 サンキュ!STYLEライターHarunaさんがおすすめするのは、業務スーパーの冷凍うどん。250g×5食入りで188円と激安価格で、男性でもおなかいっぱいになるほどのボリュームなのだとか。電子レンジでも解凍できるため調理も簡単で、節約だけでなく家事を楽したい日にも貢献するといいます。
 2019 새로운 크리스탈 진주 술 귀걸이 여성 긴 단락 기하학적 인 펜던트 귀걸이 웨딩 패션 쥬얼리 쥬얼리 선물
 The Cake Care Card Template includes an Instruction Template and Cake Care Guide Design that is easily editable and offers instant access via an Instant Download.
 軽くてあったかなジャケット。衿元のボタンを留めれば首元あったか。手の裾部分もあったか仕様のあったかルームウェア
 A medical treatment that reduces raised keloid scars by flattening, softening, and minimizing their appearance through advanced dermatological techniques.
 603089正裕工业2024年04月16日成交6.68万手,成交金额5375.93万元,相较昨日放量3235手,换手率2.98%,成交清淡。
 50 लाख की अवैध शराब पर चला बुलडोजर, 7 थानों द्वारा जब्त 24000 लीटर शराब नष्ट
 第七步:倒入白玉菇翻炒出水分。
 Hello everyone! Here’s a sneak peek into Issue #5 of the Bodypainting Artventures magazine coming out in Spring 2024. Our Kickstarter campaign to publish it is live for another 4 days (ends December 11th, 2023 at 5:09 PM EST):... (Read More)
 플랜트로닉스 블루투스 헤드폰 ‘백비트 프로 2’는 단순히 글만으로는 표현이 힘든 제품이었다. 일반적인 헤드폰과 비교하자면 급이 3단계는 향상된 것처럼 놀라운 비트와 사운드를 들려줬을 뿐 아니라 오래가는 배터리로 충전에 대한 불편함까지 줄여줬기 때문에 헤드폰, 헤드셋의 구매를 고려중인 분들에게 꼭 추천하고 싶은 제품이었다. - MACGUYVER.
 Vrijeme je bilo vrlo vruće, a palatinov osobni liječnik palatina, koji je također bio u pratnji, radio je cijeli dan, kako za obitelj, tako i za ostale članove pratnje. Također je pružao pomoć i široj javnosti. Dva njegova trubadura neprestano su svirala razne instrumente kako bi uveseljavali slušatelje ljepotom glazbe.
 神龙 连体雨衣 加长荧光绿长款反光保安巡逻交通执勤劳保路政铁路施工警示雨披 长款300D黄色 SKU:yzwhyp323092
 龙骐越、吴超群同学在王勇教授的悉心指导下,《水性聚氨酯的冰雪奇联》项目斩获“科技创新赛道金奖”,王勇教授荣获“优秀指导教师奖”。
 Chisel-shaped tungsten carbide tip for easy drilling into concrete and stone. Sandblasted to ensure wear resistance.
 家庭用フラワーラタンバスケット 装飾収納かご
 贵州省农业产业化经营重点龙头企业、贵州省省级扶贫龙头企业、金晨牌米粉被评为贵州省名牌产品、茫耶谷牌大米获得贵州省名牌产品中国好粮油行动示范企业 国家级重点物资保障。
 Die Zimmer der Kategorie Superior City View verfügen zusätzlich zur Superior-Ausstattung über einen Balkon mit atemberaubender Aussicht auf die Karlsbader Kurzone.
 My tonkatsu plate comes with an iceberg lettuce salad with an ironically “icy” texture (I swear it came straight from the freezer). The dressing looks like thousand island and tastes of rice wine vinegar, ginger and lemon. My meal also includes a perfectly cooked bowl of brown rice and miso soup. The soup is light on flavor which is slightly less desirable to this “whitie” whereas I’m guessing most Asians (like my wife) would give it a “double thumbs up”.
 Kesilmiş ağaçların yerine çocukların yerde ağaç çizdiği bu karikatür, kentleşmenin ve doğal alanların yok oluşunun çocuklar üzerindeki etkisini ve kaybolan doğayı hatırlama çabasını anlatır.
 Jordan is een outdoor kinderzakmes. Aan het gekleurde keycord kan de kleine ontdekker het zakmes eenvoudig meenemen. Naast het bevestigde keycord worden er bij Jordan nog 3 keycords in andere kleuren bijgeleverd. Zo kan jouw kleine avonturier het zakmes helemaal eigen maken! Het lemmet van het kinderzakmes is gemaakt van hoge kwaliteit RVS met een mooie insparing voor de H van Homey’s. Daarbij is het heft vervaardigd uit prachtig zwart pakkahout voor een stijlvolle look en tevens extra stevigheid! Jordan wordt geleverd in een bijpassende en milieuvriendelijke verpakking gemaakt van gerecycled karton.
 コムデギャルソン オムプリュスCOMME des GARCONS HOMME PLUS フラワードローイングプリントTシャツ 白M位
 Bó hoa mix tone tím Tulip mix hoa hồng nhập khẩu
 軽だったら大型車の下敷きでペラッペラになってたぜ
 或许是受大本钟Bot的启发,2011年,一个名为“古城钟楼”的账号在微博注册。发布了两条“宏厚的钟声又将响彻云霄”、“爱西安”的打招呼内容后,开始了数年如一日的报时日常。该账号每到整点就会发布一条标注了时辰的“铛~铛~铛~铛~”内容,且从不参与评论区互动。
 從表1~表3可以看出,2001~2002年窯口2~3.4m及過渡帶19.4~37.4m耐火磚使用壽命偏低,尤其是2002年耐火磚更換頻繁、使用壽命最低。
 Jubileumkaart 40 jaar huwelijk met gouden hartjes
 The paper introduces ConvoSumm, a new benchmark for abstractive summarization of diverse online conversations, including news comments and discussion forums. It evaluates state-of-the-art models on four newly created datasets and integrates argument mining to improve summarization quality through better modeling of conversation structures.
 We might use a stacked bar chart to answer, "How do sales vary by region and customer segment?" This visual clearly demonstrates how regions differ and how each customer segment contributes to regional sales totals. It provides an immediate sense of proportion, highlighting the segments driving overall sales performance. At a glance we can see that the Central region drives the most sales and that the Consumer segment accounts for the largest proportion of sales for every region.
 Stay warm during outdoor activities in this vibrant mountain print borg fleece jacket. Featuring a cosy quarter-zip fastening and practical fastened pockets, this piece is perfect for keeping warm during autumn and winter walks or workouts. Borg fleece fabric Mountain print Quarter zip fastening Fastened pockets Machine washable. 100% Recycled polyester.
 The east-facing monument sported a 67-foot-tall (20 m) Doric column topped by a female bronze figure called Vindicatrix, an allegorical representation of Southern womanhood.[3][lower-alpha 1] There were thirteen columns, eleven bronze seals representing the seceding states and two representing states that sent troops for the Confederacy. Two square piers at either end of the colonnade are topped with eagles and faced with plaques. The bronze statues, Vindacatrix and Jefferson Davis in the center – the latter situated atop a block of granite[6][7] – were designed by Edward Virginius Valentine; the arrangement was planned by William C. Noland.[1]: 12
--
For the records above, state how many lines contain "includes", and nothing more.

2